Make load_dataset instance methods of dataset configs
danbraunai-apollo opened this issue · 1 comments
danbraunai-apollo commented
We currently have:
def load_dataset(
dataset_config: DatasetConfig,
model_n_ctx: Optional[int] = None,
tlens_model_path: Optional[Path] = None,
) -> Dataset:
"""
Load a dataset based on the provided type and arguments.
Args:
dataset_config (DatasetConfig): The dataset config.

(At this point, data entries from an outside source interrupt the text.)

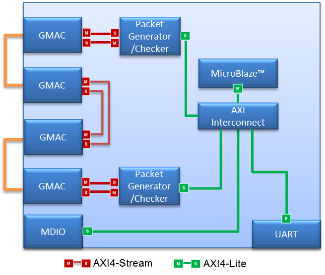 This example project shows the usage of the 1G Ethernet interfaces on NetFPGA-1G-CML board. Outside the FPGA, the interfaces are paired up using CAT-5e/CAT-6 Ethernet cables. Inside the FPGA, two packet generator/checkers are connected to two out of the four 1G interfaces while the remaining two interfaces are looped back together. MicroBlaze subsystem will poll the statistics out of the packet generator/checkers and output them through the UART interface.
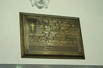A memorial to Smith and his wife also exists in the south aisle of South Leith Parish Church.
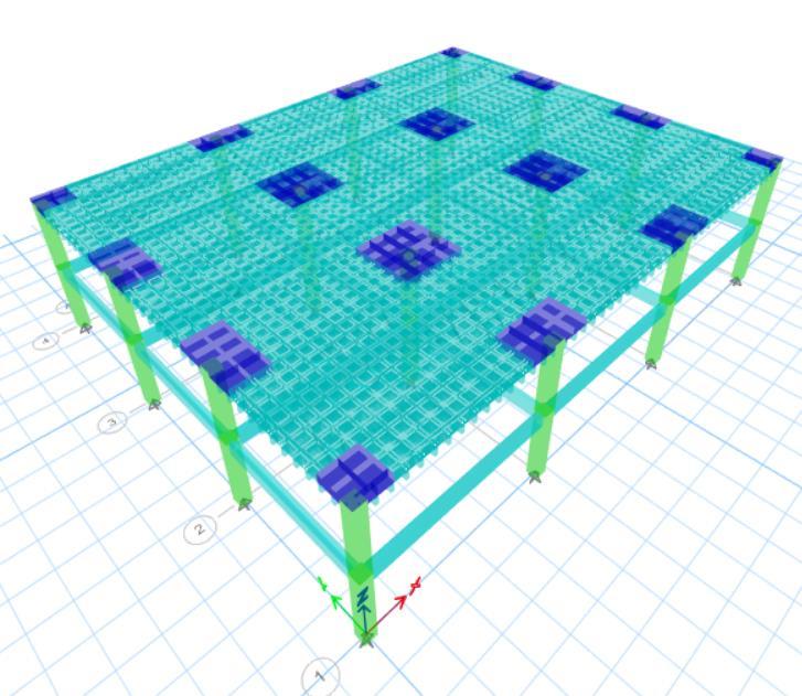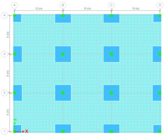 The analysis of the waffle slab was carried out using ETABS version 20.0.0. The structure was modeled consideringaCartesiangridsystemwithgridlinesspacedat 10metersintheX-directionand8metersintheY-direction. The slab was divided into multiple panels based on point coordinatesdefinedpreciselytomatchthebaylayouttypical for a waffle slab system. The resultant slab system can be seeninthefigurebelow.
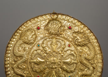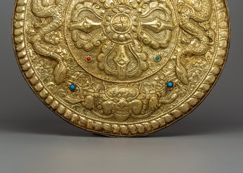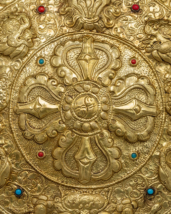 The Bishwa Vajra, located in the middle of the Mandala, represents spiritual power, knowledge, and compassion. The two fearsome dragons on the left and right sides of the Vajra represent strength and protection, respectively. The Kirtimukha, also known as Chhepu, serves mainly as a significant guardian of the threshold. The Offering symbol on top denotes generosity and compassion. This Mandala is a practical meditation, spiritual practice tool, and eye-catching décor for any sacred location.
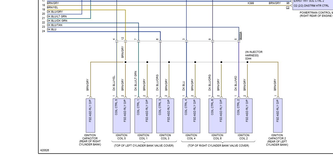 Here is a wiring diagram, this will help a bit, As you can see the spark plugs are under each individual ignition coil. This is a direct ignition system (DIS). You will have to unbolt each coil to get to the plugs. It is not as hard as it may seem. Just be easy and do not break anything and you will be fine.

model_n_ctx (int): The max context length of the model, used for HFDatasetConfigs. Data
sequences are packed to dataset_config.n_ctx if it is not None and is <= model_n_ctx,
otherwise to model_n_ctx.
tlens_model_path (Optional[Path]): The path to the tlens model, used for modular arithmetic
to collect config info used to train the model.
Returns:
The dataset.
"""
if isinstance(dataset_config, ModularArithmeticDatasetConfig):
return create_modular_arithmetic_dataset(
dataset_config=dataset_config, tlens_model_path=tlens_model_path
)
elif isinstance(dataset_config, HFDatasetConfig):
return create_hf_dataset(dataset_config=dataset_config, model_n_ctx=model_n_ctx)
elif isinstance(dataset_config, VisionDatasetConfig):
return create_vision_dataset(dataset_config=dataset_config)
else:
assert isinstance(dataset_config, BlockVectorDatasetConfig)
return create_block_vector_dataset(dataset_config=dataset_config)
This would be much more natural if each dataset config had a create_dataset method. I guess you'd have them all take in *args, **kwargs, and have modadd also take in tlens_model_path
and HF take in model_n_ctx
.
danbraunai-apollo commented
We've already moved away from doing this with the Ablation schedules. I guess it's fine to leave this as is to preserve the "config BaseModel classes don't have methods" property. Though I still would prefer this to be implemented.